International court declines to act on border intrusions

The International Court of Justice has declined to take any action regarding Nicaraguan citizens entering and camping out in the disputed Isla Calero area in the extreme northeast part of Costa Rica

The court also said that the road Costa Rica built along the Río San Juan is outside of the scope of the present case that Costa Rica has brought against Nicaragua.

Costa Rica complained to the court that Nicaraguans were entering the disputed territory at the country’s northern border.  NIcaragua responded that the individuals are not government officials or workers and are youthful environmental workers.

The court declined to modify its decision of March 8, 2011, in which it prohibited the governments of both countries from entering the territory except that Costa Rica has the right to send in environmental workers to mitigate any problems.

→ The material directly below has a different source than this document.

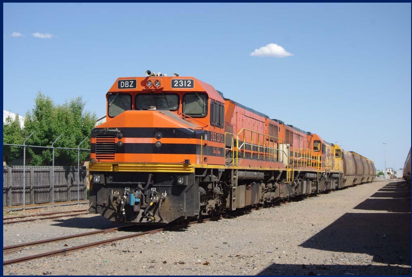
DBZ2312, DBZ2310 & DBZ2307 on 6304 empty woodchip wagon movement stabled at Katanning 19/12.

The decision, released Thursday, did say “the presence of organized groups of Nicaraguan nationals in the disputed area carries the risk of incidents which might aggravate the present dispute.”

This is the case that resulted when Nicaragua claimed Costa Rican territory on the strength of a Google map. Costa Rica declined to remove the intruders by force and, instead, sent the case to the court based in The Hague that has supervision over the treaty that specifies the border between the two countries.

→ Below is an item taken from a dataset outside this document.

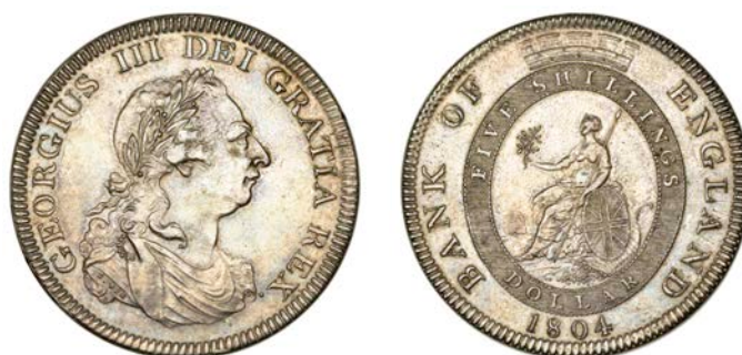
441 Dollar, 1804, types A/2, leaf to upright of E in DEI (ESC 1925 [144]; S 3768). Faint traces of undertype visible, nearly extremely fine, toned
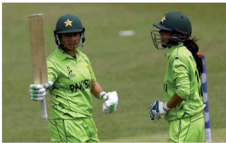
Pakistan's Bibi Nahida raises her bat after reaching 50 runs during the Women's World Cup match against South Africa in Leicester yesterday.

think it was a great effort by the girls, the way they fought it out. We lacked in all three departments though.

In response to the Nicaragua action, Costa Rica reinforced the border with armed police and also decided to construct a road on the south bank of the river. Previously, the primary means of transportation there was the river, but the entire waterway is in Nicaragua territory.

So the Laura Chinchilla administration decided to construct a 160-kilometer roadway.

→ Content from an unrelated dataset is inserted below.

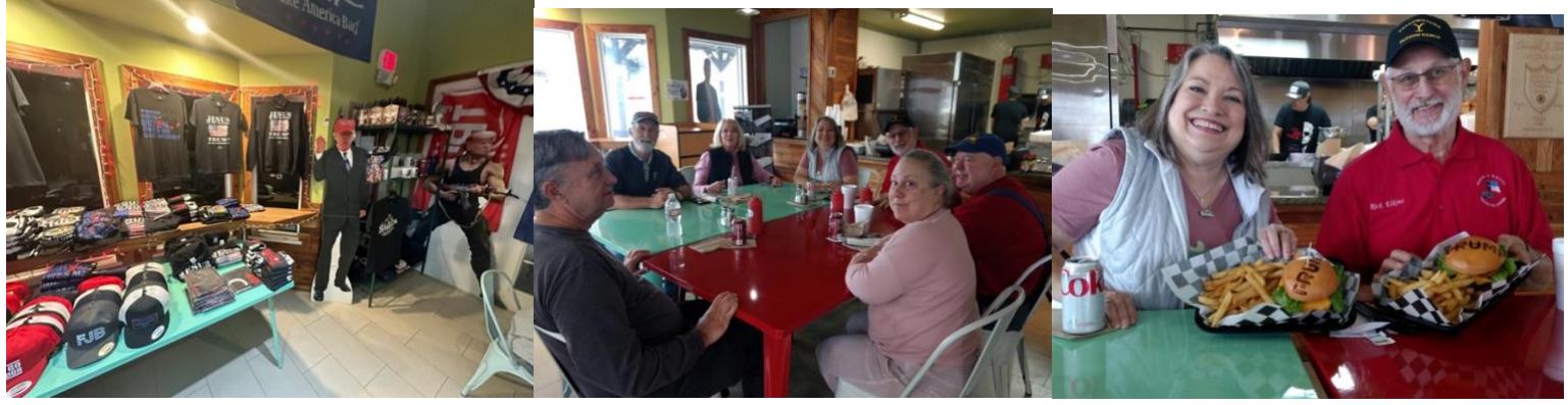
Trump Burger in Bellville
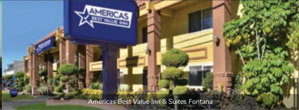
Americas Best Value Inn & Suites Fontana

The project was considered an emergency and contracts were issued directly without bidding or detailed engineering. The result was a disaster. Investigations are in progress. and contractors have been fired. The Ministerio de Obras Públicas y Transportes is now in charge of rebuilding the road.

Nicaragua complained about silt and runoff from the new road. The dispute between the two countries has been going on since October 2010 when Nicaraguan soldiers set up camp in the disputed area and workers began to dig a trench.

The theory is that Nicaragua was trying to open up a new mouth to the Río San Juan because the first 40 kilometers of the river from the Caribbean meanders and is silted up. The force of the rivers could easily widen a small ditch into a river channel.

The proposed channel passed through sensitive areas vital to the proliferation of fish and wildlife.

The court case probably will not be concluded before Laura Chinchilla leaves office next May.